Vancouver entrepreneur in a hurry to make his mark in the marketplace

July 23, 2015

By Jenny Lee, Vancouver Sun |

Just two weeks ago, young cosmetics entrepreneur Kevin Liu, 25, was on the phone at 3 a.m. He was trying to get a crucial product shipment through U.S. Customs when his wife signalled him.

“Everybody was on the line — the buyer, FedEx. At the last moment, I said ‘Excuse me. I am in labour with my wife.’ ”

By 11 a.m., the rattled entrepreneur’s first child, Emma, had arrived. A day later, mom and baby were home, and Liu’s first U.S. eye cream shipment had arrived safely at Ross Stores’ California warehouse.

Liu is a man in a hurry.

“I’m the first among my friends to get married,” acknowledged the co-owner of one-year-old Adorlée Beauty Inc. “I got everything done. I’m ahead of the game.”

The fledgling company’s eye creams are already in 1,600 stores through test market contracts with the 1,200-store Ross chain in the U.S. and a 400-store discount clothing and home fashions chain in Canada.

Son of a successful Chinese cosmetics distributor, Liu arrived in Canada as a 14-year-old when his family immigrated from Harbin, a northern Chinese city famous for winter ice sculptures. Liu attended Magee Secondary in Vancouver.

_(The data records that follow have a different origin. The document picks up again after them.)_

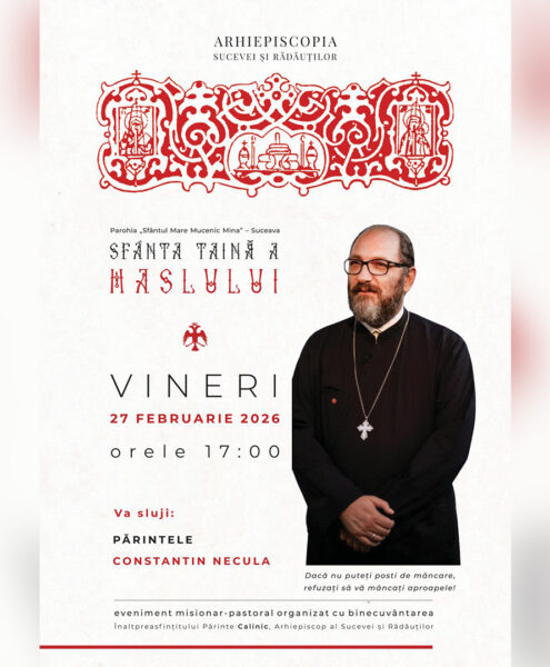 Cu binecuvântarea Înaltpreasfințitului Părinte Calinic, Arhiepiscop al Sucevei și Rădăuților, vineri, 27 februarie 2026, începând cu orele 17:00, părintele Constantin Necula va poposi în mijlocul comunității parohiale arondate Parohiei „Sfântul...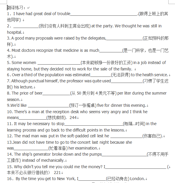 大学英语四级考试翻译练习50题 word下载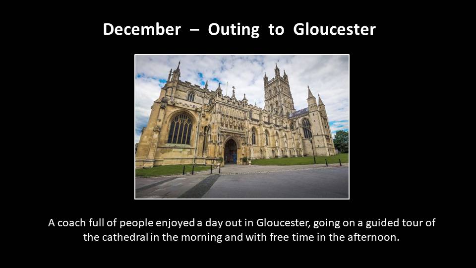 We enjoyed an excellent day out to Gloucester. We were welcomed with coffee and cookies before splitting into two groups for tours of the cathedral and the crypt. A buffet lunch was served in the Parliament Room, then members were free to explore the city on their own.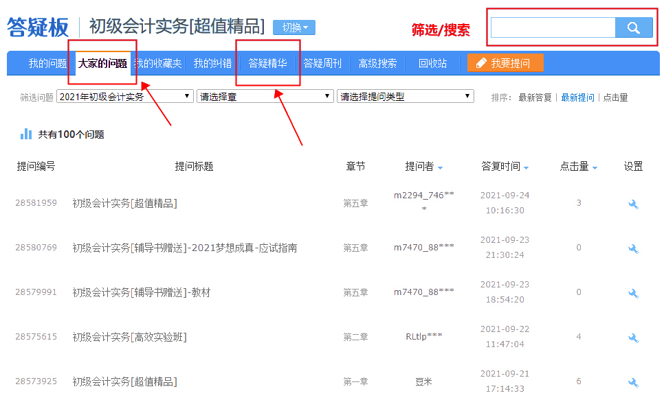 想查看问题有没有被回复,可以点击“我的问题”,然后按照提问的类型查看;在主动提问前,可以利用右上角“搜索框”功能,按照时间、章节、标题等不同条件来查看自己想要查看其他小伙伴的问题,或许会有你想要的答案;大家还可以在“答疑精华”中找到一些经典的、比较常见的共性问题。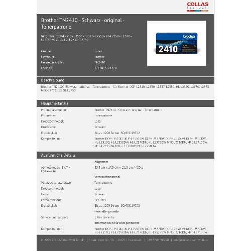 Jetzt anmeldenProduktinformationen "Brother TN2410 - Schwarz - original - Tonerpatrone"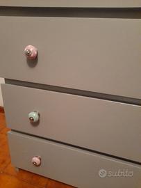 Mobile grigio tre cassetti, pitturato artigianalmente e posizionati nuovi pomelli misure 80x48
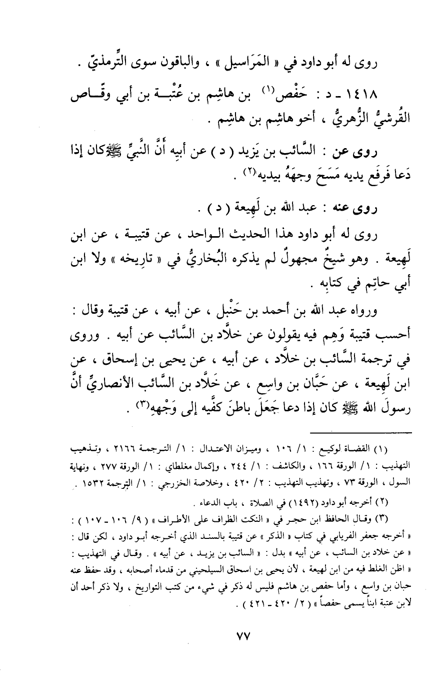 (3) وَقَال الحافظ ابن حجر في "النكت الظراف على الاطراف" (9 / 106 - 107) : أخرجه جعفر الفريابي في كتاب"الذكر"عن قتيبة بالسند الذي أخرجه أبو داود، لكن قال: عن خلاد بن السائب، عَن أبيه"بدل: السائب بن يزيد، عَن أبيه". وَقَال في التهذيب: اظن الغلط فيه من ابن لَهِيعَة، لان يحيى بن إسحاق السيلحيني من قدماء أصحابه، وقد حفظ عنه حبان بن واسع، وأما حفص بن هاشم فليس له ذكر فِي شيء من كتب التواريخ، ولا ذكر أحد أن لابن عتبة ابنا يسمى حفصا" (2 / 420 - 421) .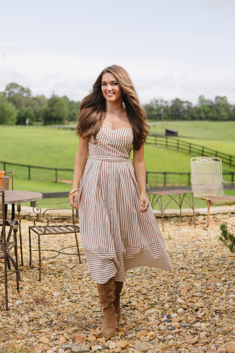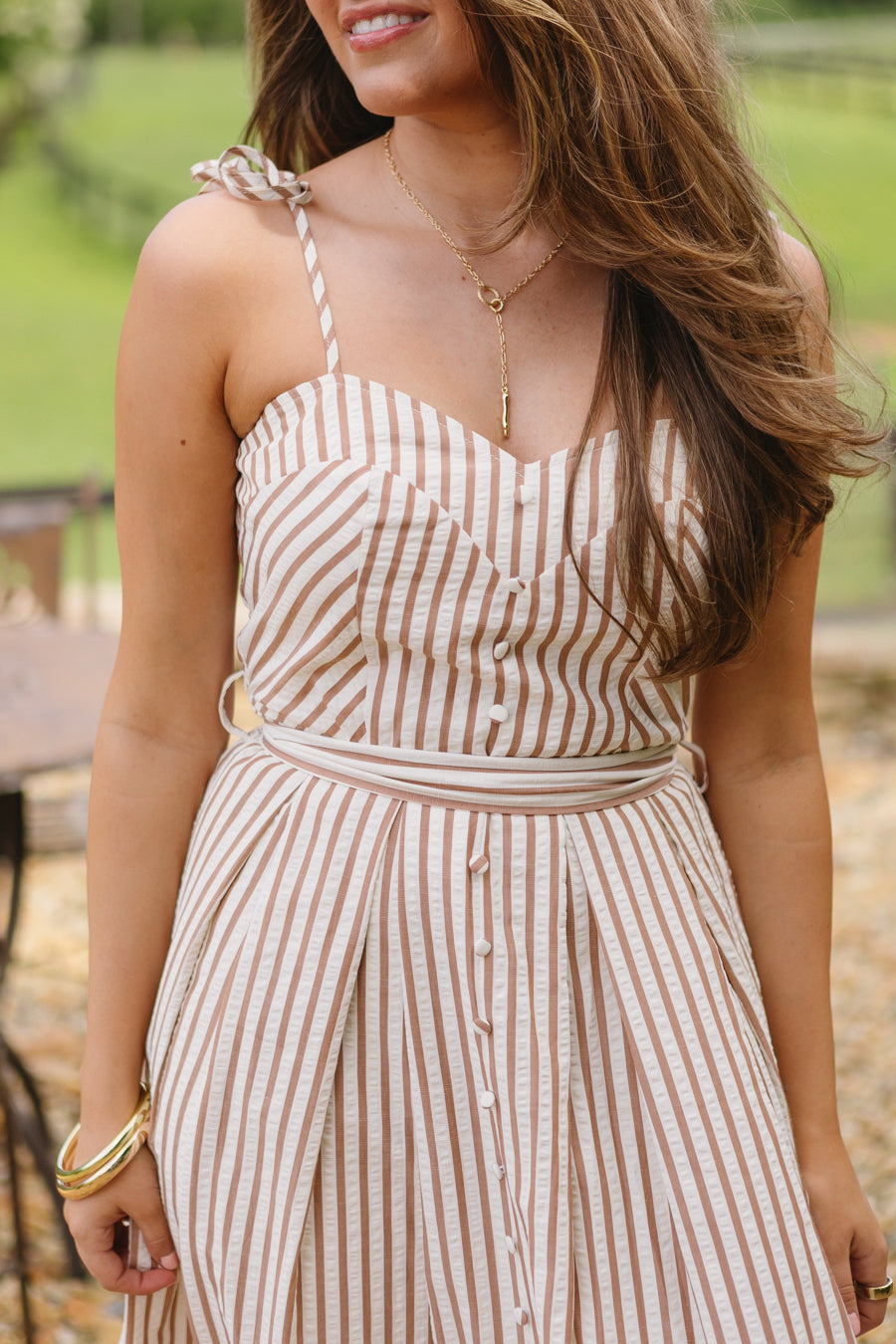 • Abito a righe marrone e crema

“I couldn’t speak English and I couldn’t speak Cantonese, so I was in the middle,” the Mandarin-speaker said. His grades languished until he learned enough English to decipher when his assignments were due.

Then he turned his attention to getting a job.

He started by washing cars — 320 tire rims a day “because I was new. Good squat exercises.” He graduated to stocking supermarket shelves, and then took a job at a gas station.

“I wanted to fit in to society, to gain working experience. I heard a lot that western culture focuses more on experience, not so much on math skills as in China,” Liu said.

Knowing his family’s move to Canada was for his benefit, Liu felt an intense responsibility to do his parents proud.

When he applied to university with a 92 per cent average, he applied to UBC Okanagan by mistake. “How come school is (such a) drive every day? It was a silly mistake.”

In his first year at Simon Fraser University, his parents installed him in a Burnaby apartment and temporarily flew back to China. “I partied a lot and invited friends to come over and go for trips to Banff.”